▶ **Action item**: Your task is to transcribe all the entries exactly, excluding pictures.

* * * *

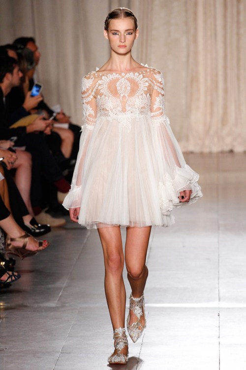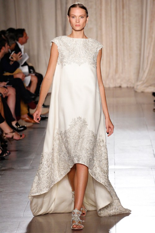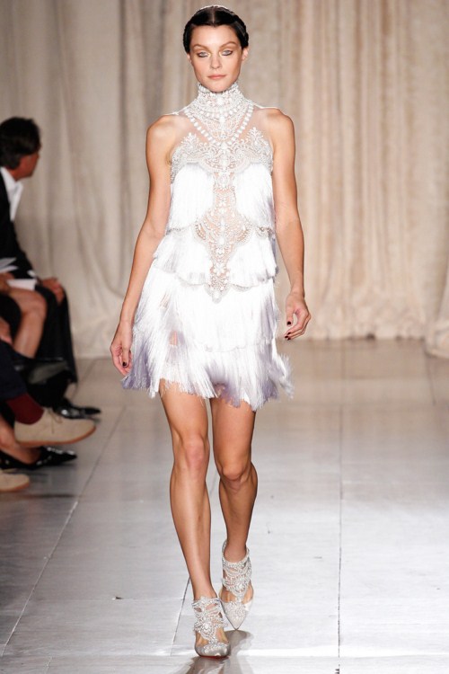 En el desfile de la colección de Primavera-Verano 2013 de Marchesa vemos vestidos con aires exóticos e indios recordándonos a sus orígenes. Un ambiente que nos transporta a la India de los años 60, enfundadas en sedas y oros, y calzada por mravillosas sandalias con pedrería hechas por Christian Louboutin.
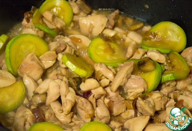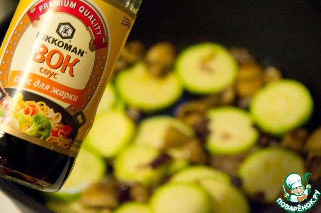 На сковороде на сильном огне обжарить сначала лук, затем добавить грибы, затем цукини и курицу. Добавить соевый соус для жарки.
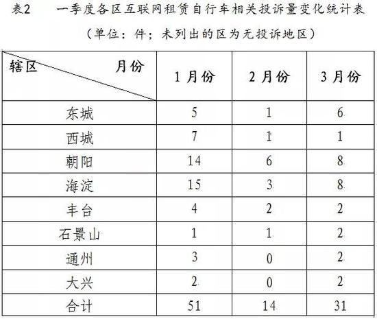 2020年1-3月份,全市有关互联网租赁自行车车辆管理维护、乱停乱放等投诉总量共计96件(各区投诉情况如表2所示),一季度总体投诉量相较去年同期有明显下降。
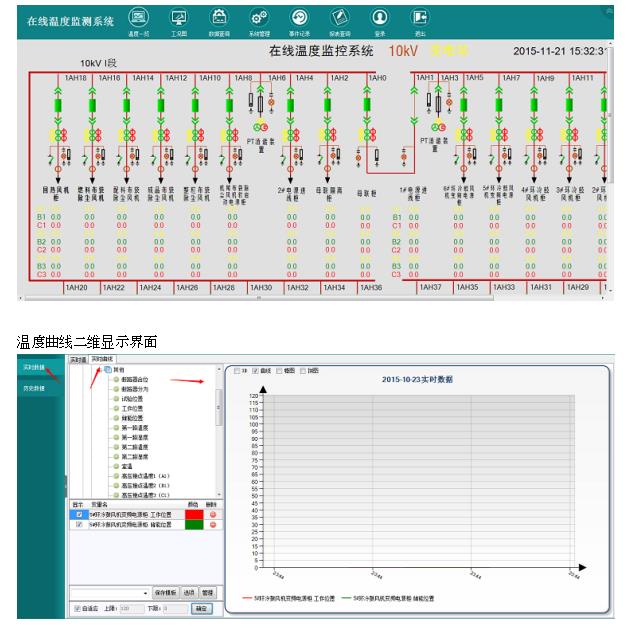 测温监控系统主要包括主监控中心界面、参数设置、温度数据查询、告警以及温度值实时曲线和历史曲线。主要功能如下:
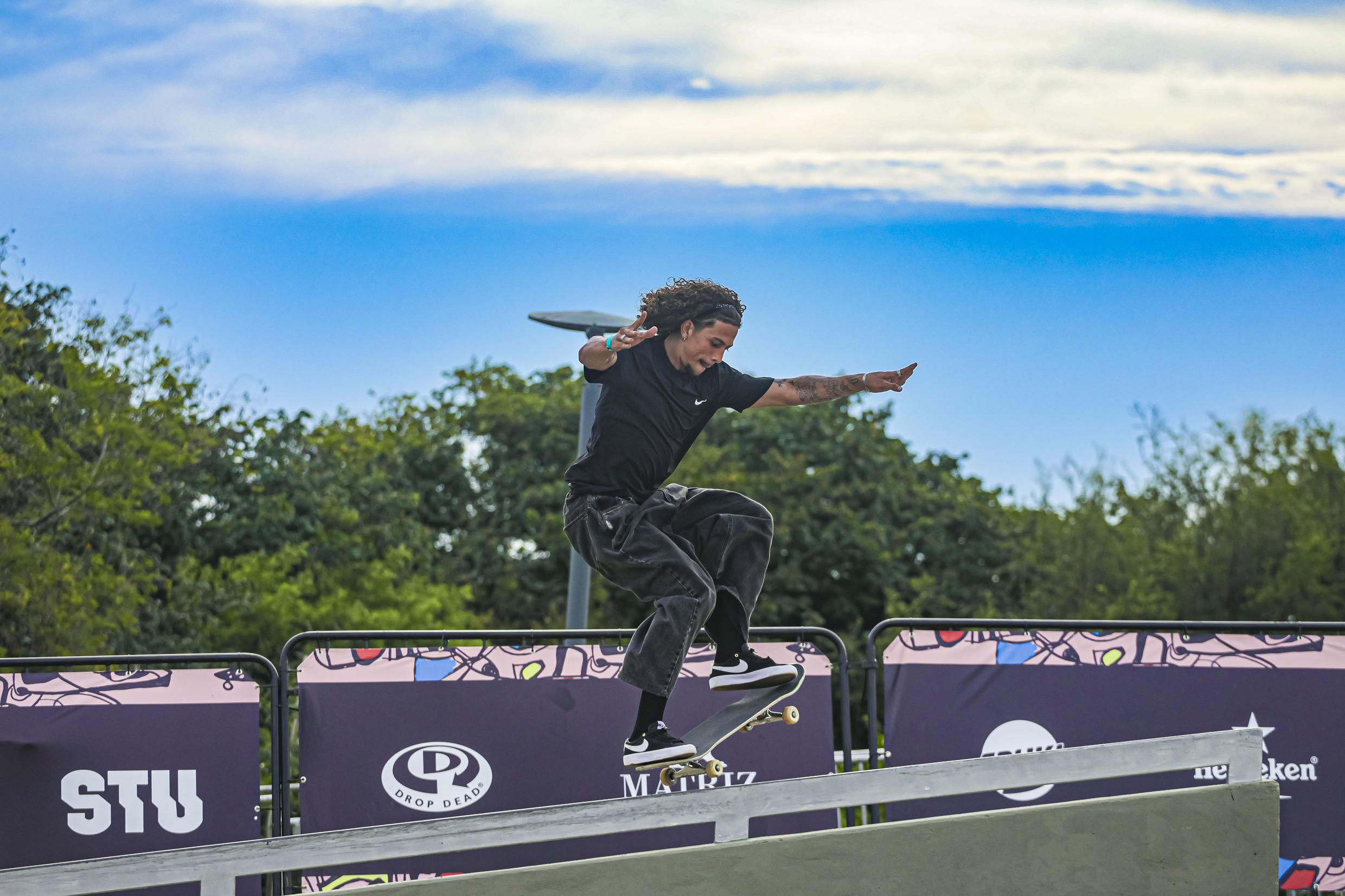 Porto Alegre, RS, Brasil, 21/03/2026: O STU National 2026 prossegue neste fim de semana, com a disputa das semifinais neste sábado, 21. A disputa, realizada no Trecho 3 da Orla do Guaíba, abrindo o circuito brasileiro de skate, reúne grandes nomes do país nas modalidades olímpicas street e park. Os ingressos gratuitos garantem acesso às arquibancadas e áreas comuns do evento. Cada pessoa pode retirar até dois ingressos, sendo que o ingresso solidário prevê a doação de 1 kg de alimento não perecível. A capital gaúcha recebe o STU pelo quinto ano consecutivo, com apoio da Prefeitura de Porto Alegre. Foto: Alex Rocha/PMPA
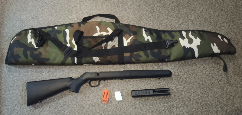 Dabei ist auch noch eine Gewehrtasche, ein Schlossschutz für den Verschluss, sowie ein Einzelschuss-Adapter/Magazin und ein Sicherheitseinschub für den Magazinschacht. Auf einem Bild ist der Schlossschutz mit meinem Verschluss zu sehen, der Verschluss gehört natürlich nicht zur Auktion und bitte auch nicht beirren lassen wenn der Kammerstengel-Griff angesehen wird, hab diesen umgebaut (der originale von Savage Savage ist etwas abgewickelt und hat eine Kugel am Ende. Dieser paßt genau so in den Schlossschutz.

* * * *

▶ **Exercise response**:
 En el desfile de la colección de Primavera-Verano 2013 de Marchesa vemos vestidos con aires exóticos e indios recordándonos a sus orígenes. Un ambiente que nos transporta a la India de los años 60, enfundadas en sedas y oros, y calzada por mravillosas sandalias con pedrería hechas por Christian Louboutin.
 На сковороде на сильном огне обжарить сначала лук, затем добавить грибы, затем цукини и курицу. Добавить соевый соус для жарки.
 2020年1-3月份,全市有关互联网租赁自行车车辆管理维护、乱停乱放等投诉总量共计96件(各区投诉情况如表2所示),一季度总体投诉量相较去年同期有明显下降。
 测温监控系统主要包括主监控中心界面、参数设置、温度数据查询、告警以及温度值实时曲线和历史曲线。主要功能如下:
 Porto Alegre, RS, Brasil, 21/03/2026: O STU National 2026 prossegue neste fim de semana, com a disputa das semifinais neste sábado, 21. A disputa, realizada no Trecho 3 da Orla do Guaíba, abrindo o circuito brasileiro de skate, reúne grandes nomes do país nas modalidades olímpicas street e park. Os ingressos gratuitos garantem acesso às arquibancadas e áreas comuns do evento. Cada pessoa pode retirar até dois ingressos, sendo que o ingresso solidário prevê a doação de 1 kg de alimento não perecível. A capital gaúcha recebe o STU pelo quinto ano consecutivo, com apoio da Prefeitura de Porto Alegre. Foto: Alex Rocha/PMPA
 Dabei ist auch noch eine Gewehrtasche, ein Schlossschutz für den Verschluss, sowie ein Einzelschuss-Adapter/Magazin und ein Sicherheitseinschub für den Magazinschacht. Auf einem Bild ist der Schlossschutz mit meinem Verschluss zu sehen, der Verschluss gehört natürlich nicht zur Auktion und bitte auch nicht beirren lassen wenn der Kammerstengel-Griff angesehen wird, hab diesen umgebaut (der originale von Savage Savage ist etwas abgewickelt und hat eine Kugel am Ende. Dieser paßt genau so in den Schlossschutz.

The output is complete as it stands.